From the line with "We worshipped God" down to the final line of the material, please transcribe everything exactly, but leave the pictures out.

────────────────────────────────────────

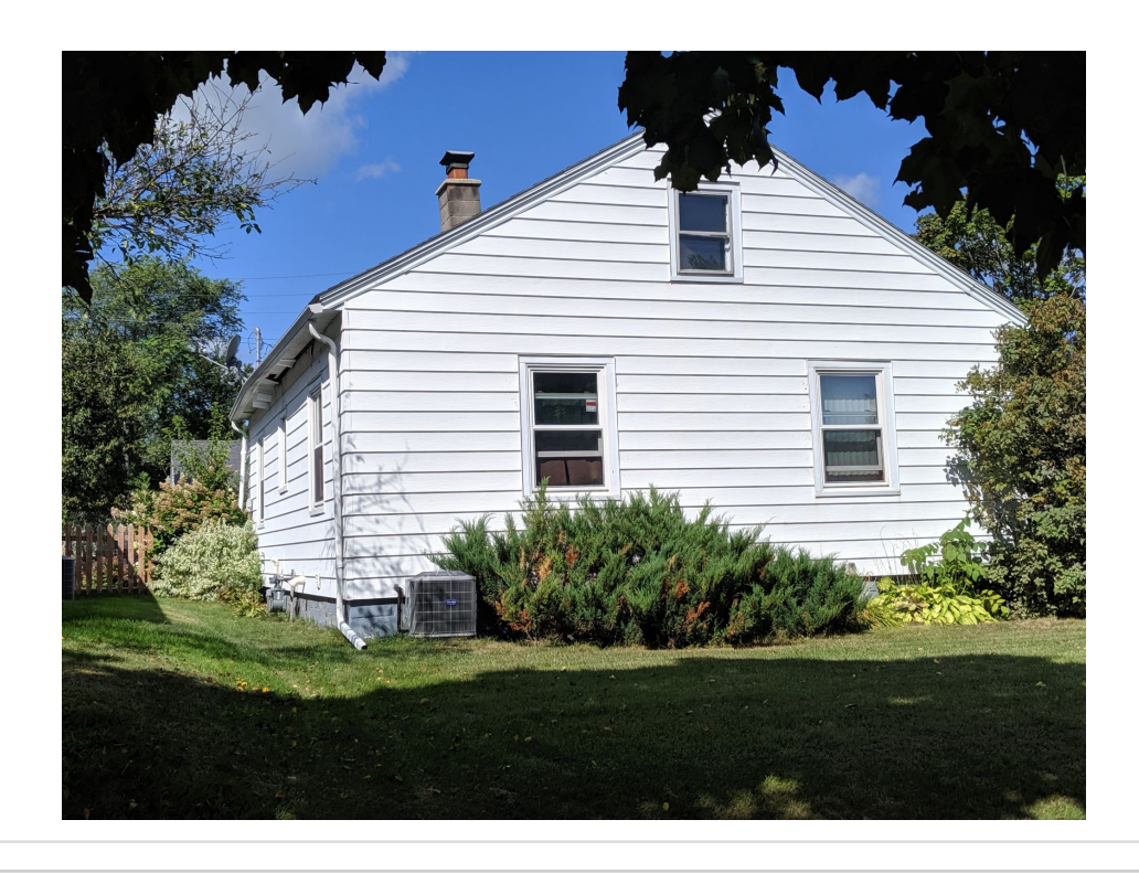
Uploaded: 9/3/2019 Kevin Conroy
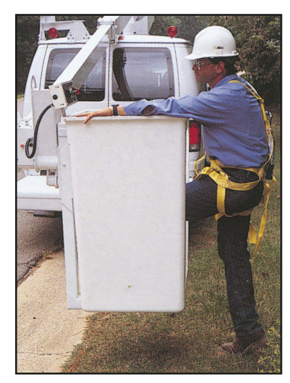
Easy Platform Access from the Ground

Altec Aerial Devices meet or exceed all applicable ANSI Standards as of the date of manufacture. Altec reserves the right to improve models and change specifications without notice or obligation.
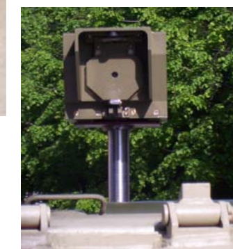
Video camera of panoramic observation system
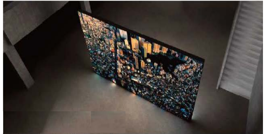
Vital Space Nature | Humanity, Installation Views, Renderings
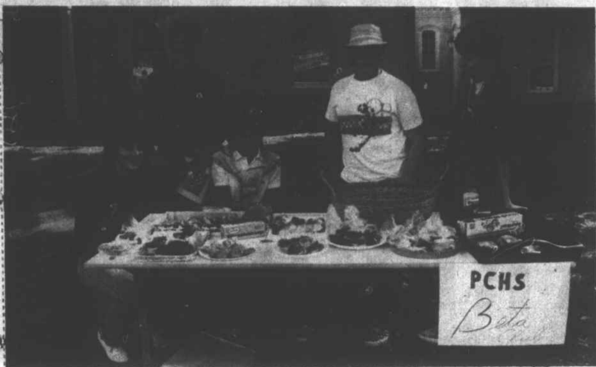
Beta Club holds bake sale

The Perquimans County High School Beta Club offered a variety of tempting baked
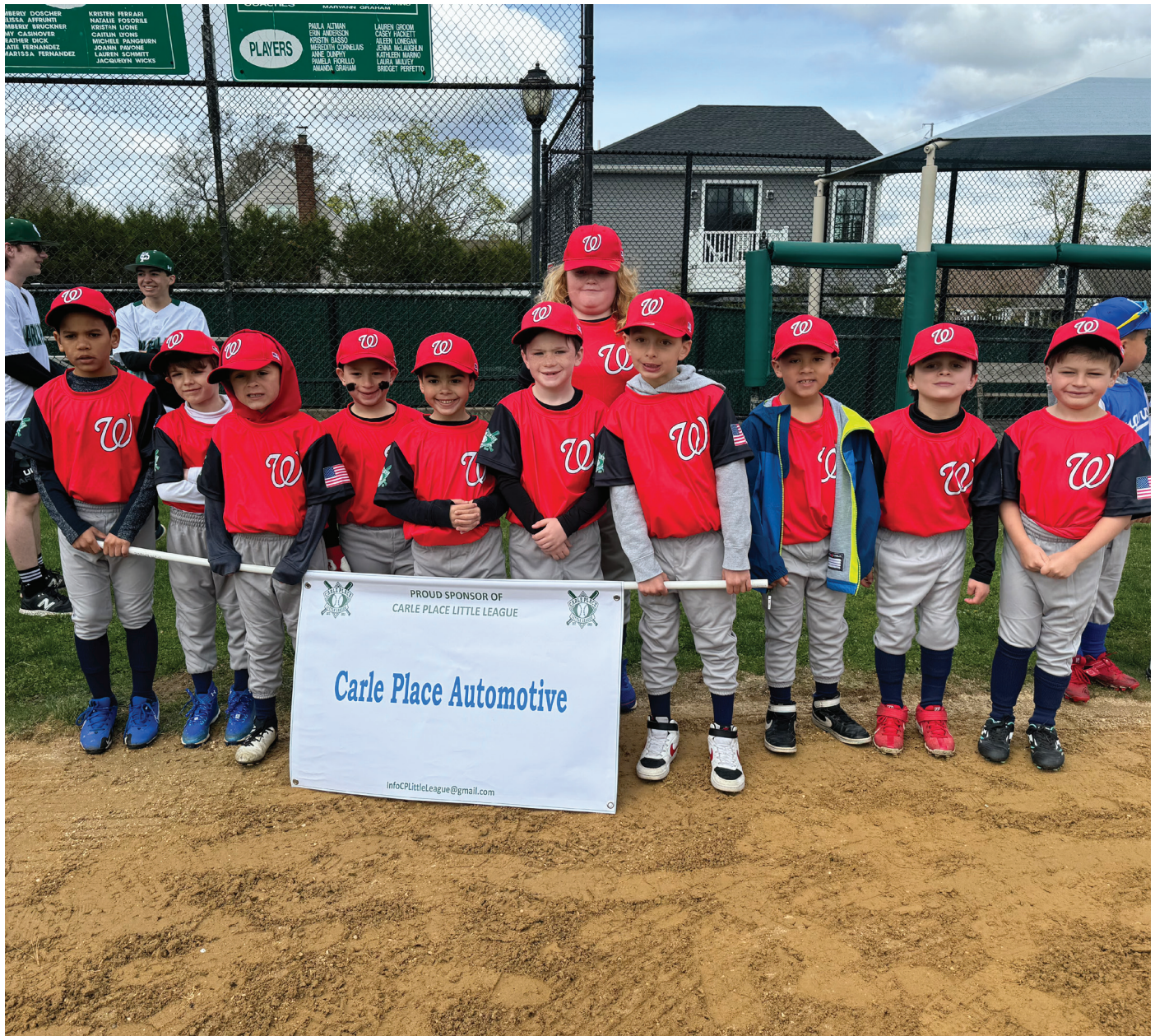
Carle Place Little League Opening Day

WE LOVE OUR HOMETOWN! CARLE PLACE CIVIC ASSOCIATION
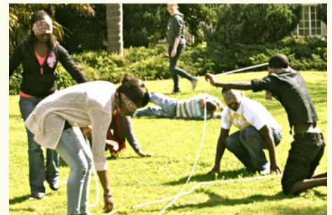
LeadYoung participants trying to make a square with a rope
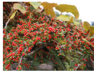
Cotoneaster horizontalis & Vitis coignetiae
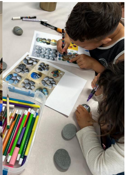
We worshipped God together and learned more about following Jesus
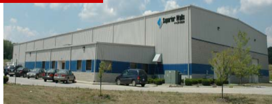
3425 Grant Drive Lebanon, OH (Warren County)
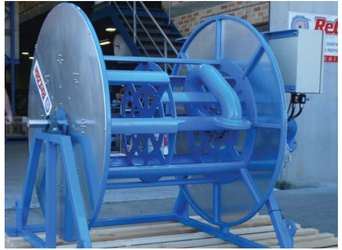
Pneumatic rewind 4" debunkering reel
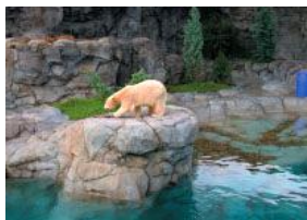
Polar Bear Shores in the cooled Marine pool of Sydney's ZOO
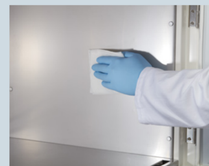
Wipe the inner chamber using a soft, lint-free cloth
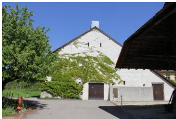
10 th ANNIVERSARY PARTY TROTTE EVENT HALL
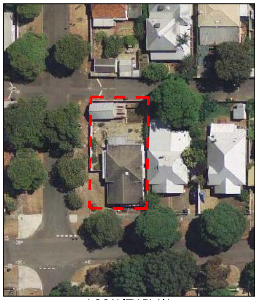
LOCALITY PLAN APPROXIMATE EXTENT OF SUBJECT SITE 2010 AERIAL PHOTOGRAPHY NOT TO SCALE
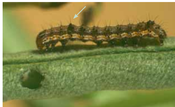
Helicoverpa armigera larva (medium—12 mm) with diagnostic dark saddle
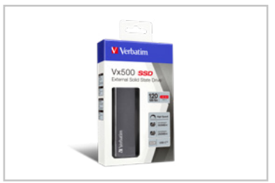
47441 Packaging 3D
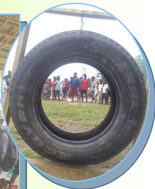
St. Peter Gizo Catholic community raised a total of $35,672.40 on
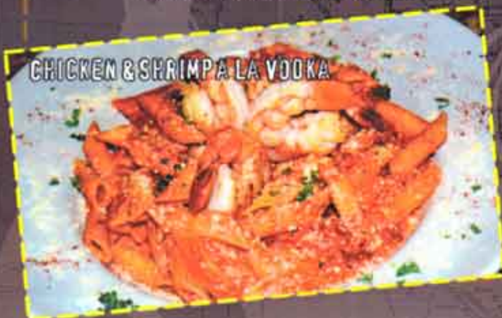
CHICKEN & SHRIMP A LA VODKA

Spaghetti with marinara sauce and Parmesan cheese delicious! 10.99
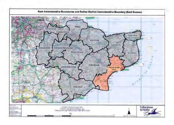
Figure 2.1. Geographical relationship between FHDC and Kent and East Sussex
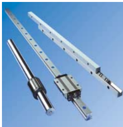
SKF Guiding Systems
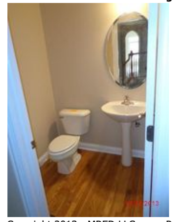
MLS#: 08285509 Attached Single 4406 Lainie CIR Glenview IL 60025
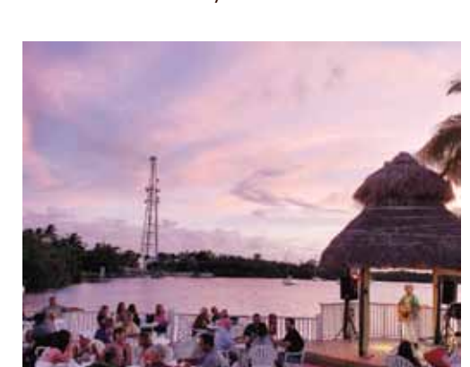
Just another stunning Lorelei sunset. he Keys during Petersons 46th Annual Poker Run.
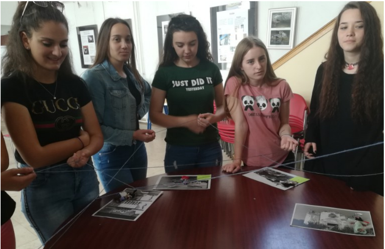
Participants presenting their work
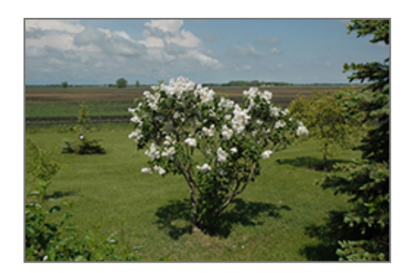
Beauty of Moscow Lilac in bloom
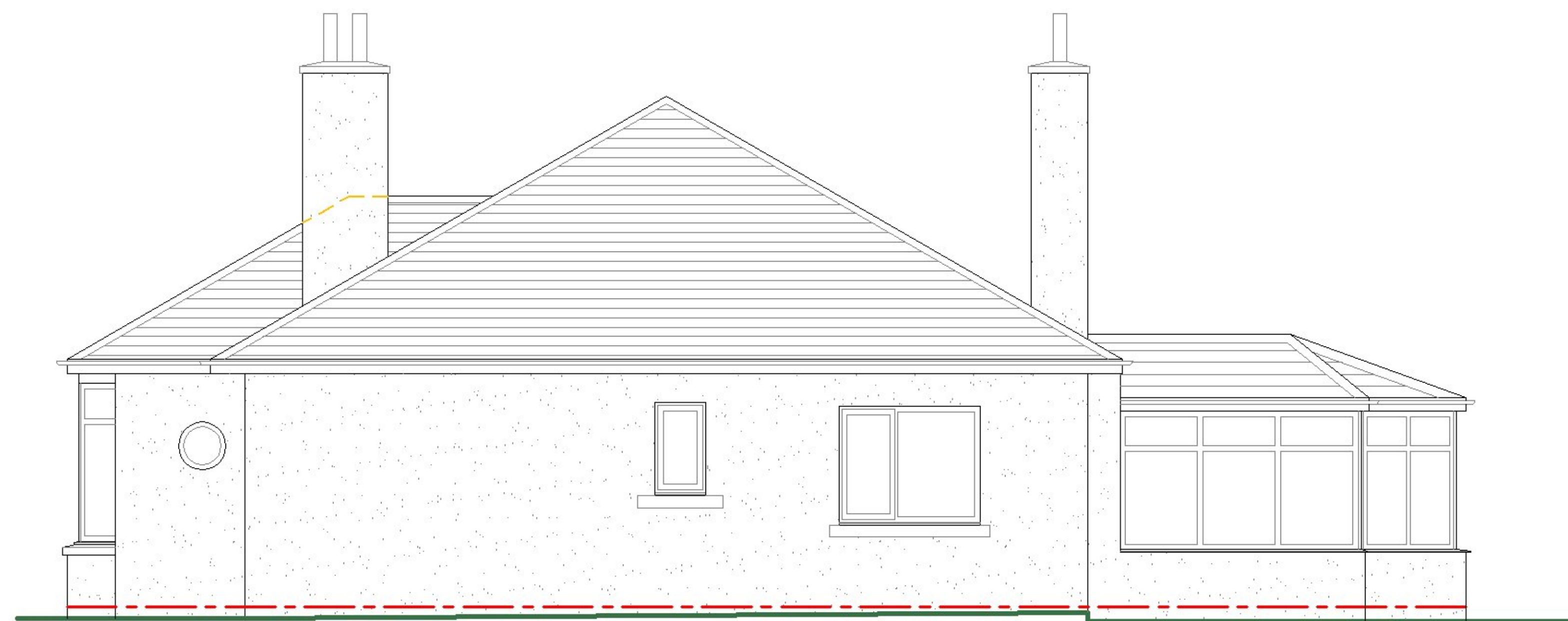
Existing North East Elevation (1:100)
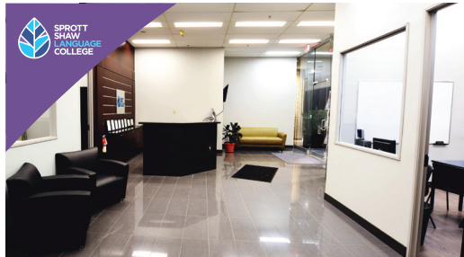
Vancouver Melville Campus 4, 665 sq ft (433 sq m)
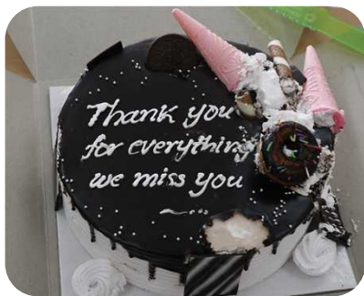
Culturals, Celebrations, Farewell, Birthdays and Various Colours of Hallmark Business School
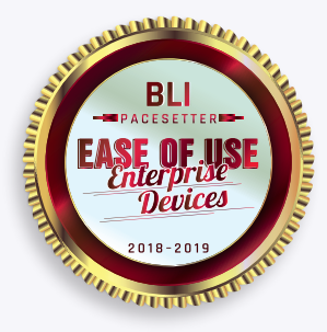
"PaceSetter Award in Ease of Use 2018–2019"
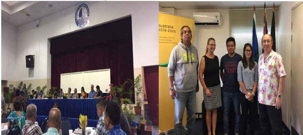
Budget Consultation and Conference
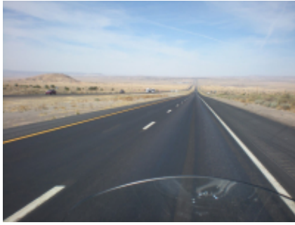
1 - - Los Angeles - 0 km
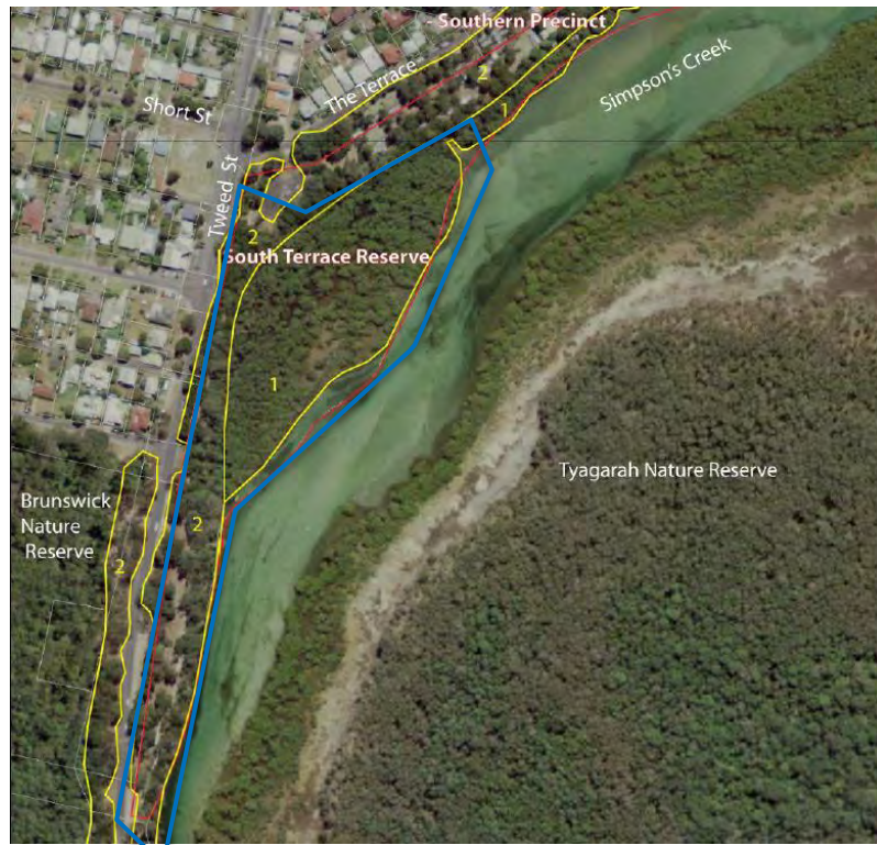
Figure 12. Depicts the location of CCPF within Simpson Reserve with a Blue line. This area appears to be suitable and appropriate for regeneration. Site use should be restricted to activities that will regenerate the EEC. Source: VPM 2011
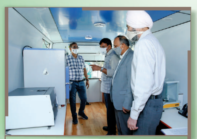
Hon'ble Minister of Chemicals & Fertilizers inspecting the equipments inside the new Mobile Soil Testing labs. C&MD, Director (Tech) are also present on the occasion
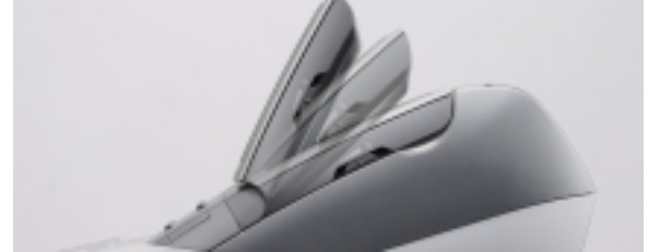
• The LCD display can be tilted to the optimal reading angle.
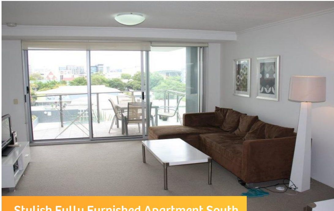
Stylish Fully Furnished Apartment South Bank Area, Great Views
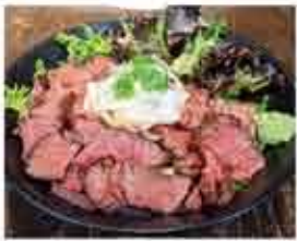
Roast Beef Rice Bowl 955 Cal

SIGNATURE RICE AND NOODLE BOWLS WITH MIXED GREENS, SERVED WITH MISO SOUP

────────────────────────────────────────

Response to the exercise:
We worshipped God together and learned more about following Jesus
3425 Grant Drive Lebanon, OH (Warren County)
Pneumatic rewind 4" debunkering reel
Polar Bear Shores in the cooled Marine pool of Sydney's ZOO
Wipe the inner chamber using a soft, lint-free cloth
10 th ANNIVERSARY PARTY TROTTE EVENT HALL
LOCALITY PLAN APPROXIMATE EXTENT OF SUBJECT SITE 2010 AERIAL PHOTOGRAPHY NOT TO SCALE
Helicoverpa armigera larva (medium—12 mm) with diagnostic dark saddle
47441 Packaging 3D
St. Peter Gizo Catholic community raised a total of $35,672.40 on
CHICKEN & SHRIMP A LA VODKA

Spaghetti with marinara sauce and Parmesan cheese delicious! 10.99
Figure 2.1. Geographical relationship between FHDC and Kent and East Sussex
SKF Guiding Systems
MLS#: 08285509 Attached Single 4406 Lainie CIR Glenview IL 60025
Just another stunning Lorelei sunset. he Keys during Petersons 46th Annual Poker Run.
Participants presenting their work
Beauty of Moscow Lilac in bloom
Existing North East Elevation (1:100)
Vancouver Melville Campus 4, 665 sq ft (433 sq m)
Culturals, Celebrations, Farewell, Birthdays and Various Colours of Hallmark Business School
"PaceSetter Award in Ease of Use 2018–2019"
Budget Consultation and Conference
1 - - Los Angeles - 0 km
Figure 12. Depicts the location of CCPF within Simpson Reserve with a Blue line. This area appears to be suitable and appropriate for regeneration. Site use should be restricted to activities that will regenerate the EEC. Source: VPM 2011
Hon'ble Minister of Chemicals & Fertilizers inspecting the equipments inside the new Mobile Soil Testing labs. C&MD, Director (Tech) are also present on the occasion
• The LCD display can be tilted to the optimal reading angle.
Stylish Fully Furnished Apartment South Bank Area, Great Views
Roast Beef Rice Bowl 955 Cal

SIGNATURE RICE AND NOODLE BOWLS WITH MIXED GREENS, SERVED WITH MISO SOUP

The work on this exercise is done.